My own experience is that many of the vets who vet endurance rides are doing it as a hobby.  

They vet endurance rides because that is one of the ways that they can participate in 
what they do as a hobby.  They do it because they think it is fun.  Most of them have to take
time out from their practice (and forego the income from their practice) to go camping
for the weekend.  This is, I realize, and oversimplification, but I mean to suggest that
few of the vets that I have seen at endurance rides are doing it for the money.  They are
getting some other form of compensation out of it.  So, if _I_ were trying to figure
out the best way to compensate vets for coming to endurance rides, I would try to figure
out WHY they were coming (understanding that they aren't doing it for the money, because
monitarily speaking they are better off staying at home and working).  So....I would be asking
myself what I could do to make an endurance ride a nice vacation for a ride vet?????

Don't get me wrong, one of the ways to make an endurance ride a nice vacation for a ride 
vet is to reduce the cost of the vacation...but there needs to be more than just that.  The
ride needs to be a nice vacation.

Unless, you want to give them enough money to compensate them for the loss of funds
that they are incurring just by being away from their practice.  If this is the case, 
then you need to pay them as much as they would be making if they were at home working.  

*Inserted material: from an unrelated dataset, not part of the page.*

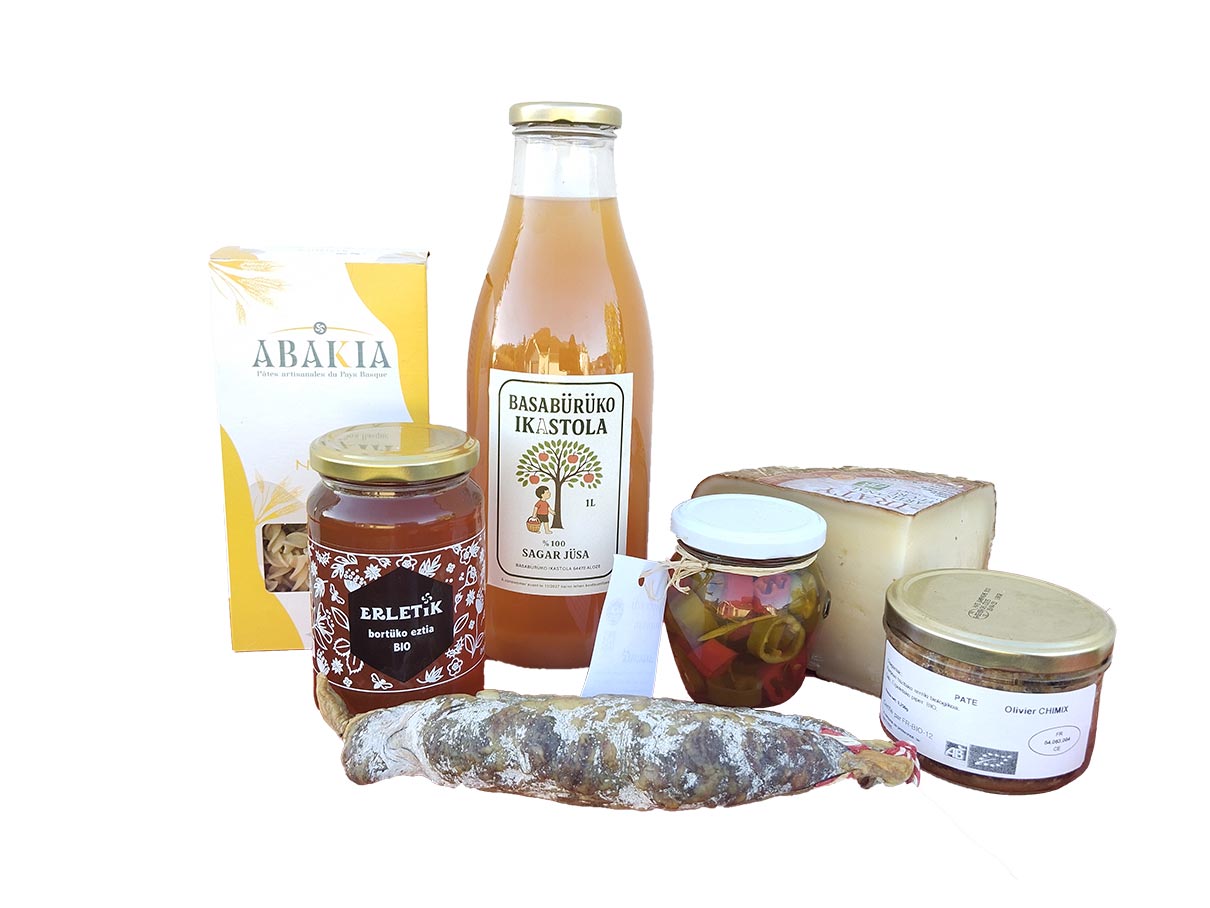 Saskiak (gazna, ahate gibel, eztia, axoa, zaltxixoi, pate, pastelak, axoa, erreximenta) bi ikastoletan dauden ekoizleeri esker osatuak dira. Lotura zuzena daukate ikastolekin : oraingo guraso eta guraso ohiak.

This would, of course, just contribute further to the trend I have noticed in the
"professionalization" of endurance riding.  If the trend continues, then it will be just 
another horse "sport" where all of the participants are there for business reasons:

Ride managers will expect to be paid a fair wage, ride vets will expect to be paid a fair
wage, and professional riders will expect to see some return out of all the money that 
they are paying for the entry.  This, of course, would leave the hobbyists out in the cold.

Currently, (mostly) the participants (riders, ride management, vets, "volunteers" etc.) at 
endurance rides are there because it is their idea of fun with the hope that we all can
keep the costs down for everybody who is participating (i.e. everybody can have fun without
it costing anybody too much money. 

So, if I were having trouble finding a vet for my ride, I would ask myself the question, 
"What can I do to make it more fun for the vets to come?"  rather than "How much am
I going to have to pay them to get them to come here and work?"

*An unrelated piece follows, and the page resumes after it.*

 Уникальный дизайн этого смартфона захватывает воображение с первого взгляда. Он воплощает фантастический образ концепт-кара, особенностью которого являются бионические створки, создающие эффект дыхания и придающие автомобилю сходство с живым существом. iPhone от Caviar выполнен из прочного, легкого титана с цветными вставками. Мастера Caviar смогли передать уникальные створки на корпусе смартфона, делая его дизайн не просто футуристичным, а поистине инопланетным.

If the West region is having trouble finding vets to vet rides is it because these rides
aren't any fun for the vets, or is it because there are so many rides and not enough vets
who can spend that much time on their hobby?

If it is the first, then the solution is to figure out why vets aren't having fun.

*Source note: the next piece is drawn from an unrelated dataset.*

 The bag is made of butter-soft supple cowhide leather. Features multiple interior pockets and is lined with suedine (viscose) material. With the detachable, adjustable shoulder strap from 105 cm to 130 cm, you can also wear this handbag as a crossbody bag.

If it is the second, then the solution is to try to recruit/train more vets and let them
learn that vetting and endurance ride is a nice vacation.

You are going to have to give them an awful lot of money (I would think) if you want to
get them to come and and just work--they can work at home.

kat
Orange County, Calif.

p.s.  I am not saying that vets should not be compensated for coming to vet endurance rides;
just suggesting that there ARE other forms of compensation besides money.  If you want
to compensate them with JUST money...it's gonna take lots of money.

Ride managers may be willing to lose a little money on hosting a party, ride vets are 
willing to lose a little money taking time out from their
practices, and riders are willing to lose a little money by taking time off and paying an
entry fee to help cover costs).  There is no reason to assume that the riders are the only
ones having any fun at endurance rides and therefore should be the ones to shoulder the
entire monetary burden.  If the riders are the only ones having any fun at an endurance
ride, then there is something wrong with that ride (so riders would do well to understand
that if they don't assist in making rides fun for the other people there, they are going
to have to start paying them a lot more to participate).